1. La commune de Bordeaux a conclu le 1er janvier 2007 avec la société Jegher restauration, devenue la société Loréa, une convention d'occupation du domaine public pour l'exploitation d'un espace de restauration dénommé " l'Orangerie " au sein du Jardin public pour une durée de douze ans. Avant l'expiration de cette convention le 31 décembre 2018, la commune a lancé une procédure d'attribution d'une nouvelle convention d'occupation du domaine public pour l'exploitation de l'espace de restauration précité et de celui dénommé " Carré détente " du Muséum d'histoire naturelle. Par une délibération du 19 novembre 2018, le conseil municipal de Bordeaux a autorisé le maire à signer la convention d'occupation du domaine public pour ces deux espaces avec la société BCC. La SARL Loréa a demandé au tribunal administratif de Bordeaux, à titre principal, l'annulation de cette convention et relève appel du jugement du 12 juillet 2021 en tant que le tribunal s'est limité à enjoindre à la commune de Bordeaux de la régulariser par une nouvelle délibération du conseil municipal dans un délai de quatre mois ou, à défaut, de la résilier. La commune, qui a fait procéder à cette régularisation par une délibération du conseil municipal du 5 octobre 2021, doit être regardée comme demandant, par la voie de l'appel incident, l'annulation du jugement en tant qu'il a partiellement fait droit à la demande de la société Loréa.

Sur la recevabilité de la requête d'appel :

2. Contrairement à ce que fait valoir la commune de Bordeaux, le tribunal n'a pas fait intégralement droit aux conclusions présentées par la société Loréa puisque celle-ci demandait, à titre principal, l'annulation de la convention conclue entre la commune de Bordeaux et la société BCC et que le jugement attaqué se limite à enjoindre à la commune de la régulariser. Par suite, la société Loréa présente un intérêt pour faire appel de ce jugement et la fin de non-recevoir opposée par la commune sur ce point doit être écartée.

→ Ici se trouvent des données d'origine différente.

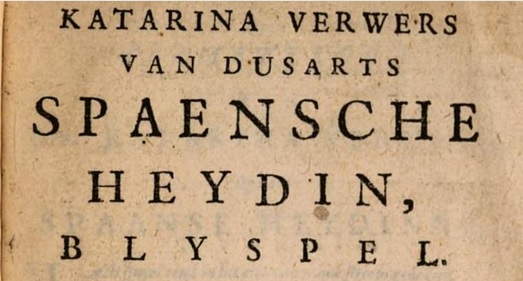 Of dit soort oude werken ooit nog in druk zullen verschijnen, lijkt me heel onwaarschijnlijk en ook niet noodzakelijk, want veel is online beschikbaar, ook het in 1644 als eerste in Nederland door een vrouw geschreven toneelstuk ‘Spaensch Heydin’ van Catharina Verwers (ook wel met een K). Je zou verwachten dat het op de DBNL staat, maar dat is niet het geval, maar het is online te vinden op de site van de Leidse Universiteit.
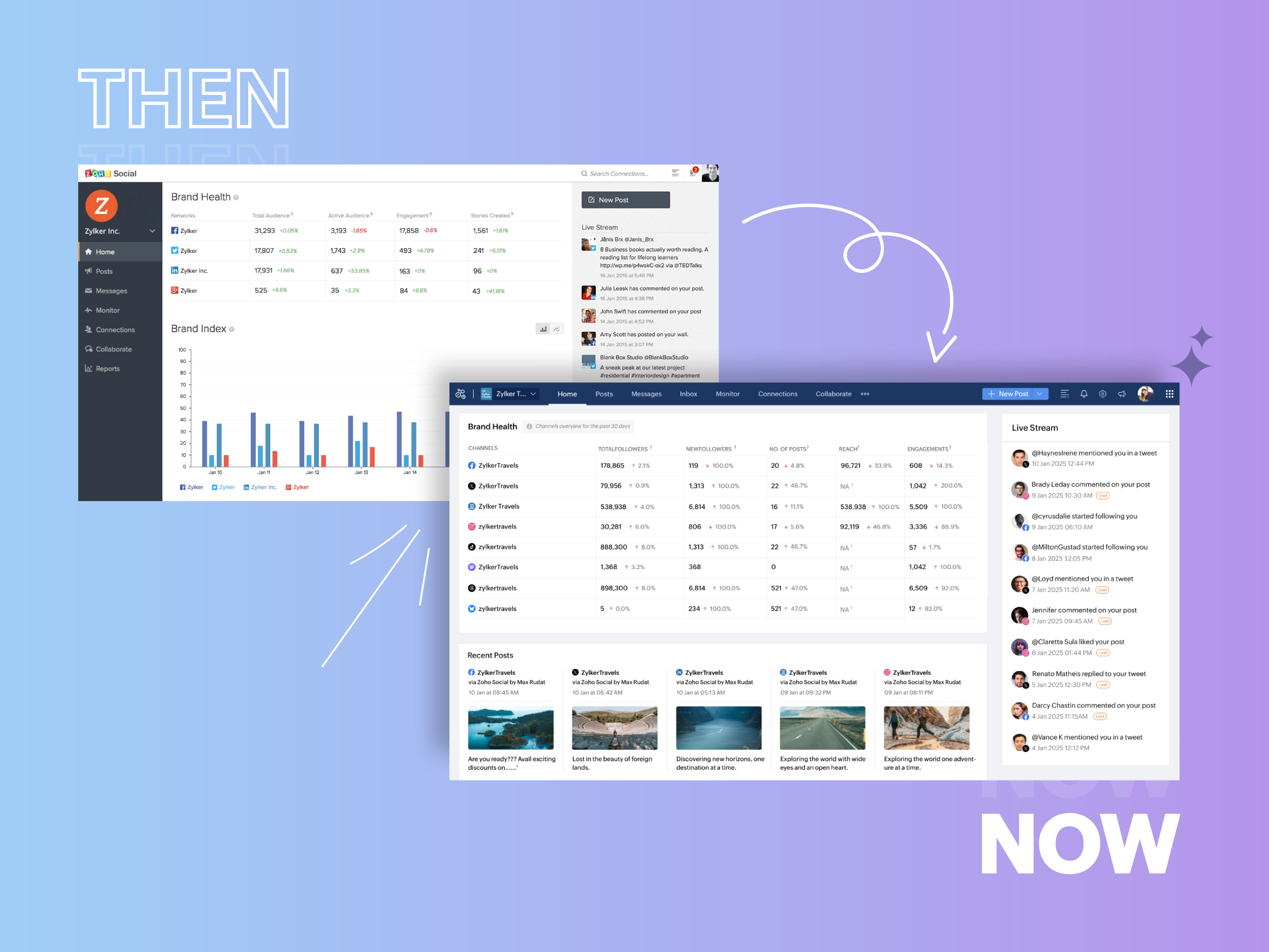 As the world was battling to survive through some of the worst times we'd all faced, Zoho Social was being fine-tuned to help businesses easily go remote without any hassle. With the motive to brighten things up and make it easier to navigate, Social was made more colorful while drop-downs and re-arrange options were introduced to allow quick shuffling between brands and channels.

Sur la validité de la convention :

3. Indépendamment des actions dont disposent les parties à un contrat administratif et des actions ouvertes devant le juge de l'excès de pouvoir contre les clauses réglementaires d'un contrat ou devant le juge du référé contractuel sur le fondement des articles L. 551-13 et suivants du code de justice administrative, tout tiers à un contrat administratif susceptible d'être lésé dans ses intérêts de façon suffisamment directe et certaine par sa passation ou ses clauses est recevable à former devant le juge du contrat un recours de pleine juridiction contestant la validité du contrat ou de certaines de ses clauses non réglementaires qui en sont divisibles. Cette action devant le juge du contrat est également ouverte aux membres de l'organe délibérant de la collectivité territoriale ou du groupement de collectivités territoriales concerné ainsi qu'au représentant de l'Etat dans le département dans l'exercice du contrôle de légalité. Si le représentant de l'Etat dans le département et les membres de l'organe délibérant de la collectivité territoriale ou du groupement de collectivités territoriales concerné, compte tenu des intérêts dont ils ont la charge, peuvent invoquer tout moyen à l'appui du recours ainsi défini, les autres tiers ne peuvent invoquer que des vices en rapport direct avec l'intérêt lésé dont ils se prévalent ou ceux d'une gravité telle que le juge devrait les relever d'office. Le tiers agissant en qualité de concurrent évincé de la conclusion d'un contrat administratif ne peut ainsi, à l'appui d'un recours contestant la validité de ce contrat, utilement invoquer, outre les vices d'ordre public, que les manquements aux règles applicables à la passation de ce contrat qui sont en rapport direct avec son éviction.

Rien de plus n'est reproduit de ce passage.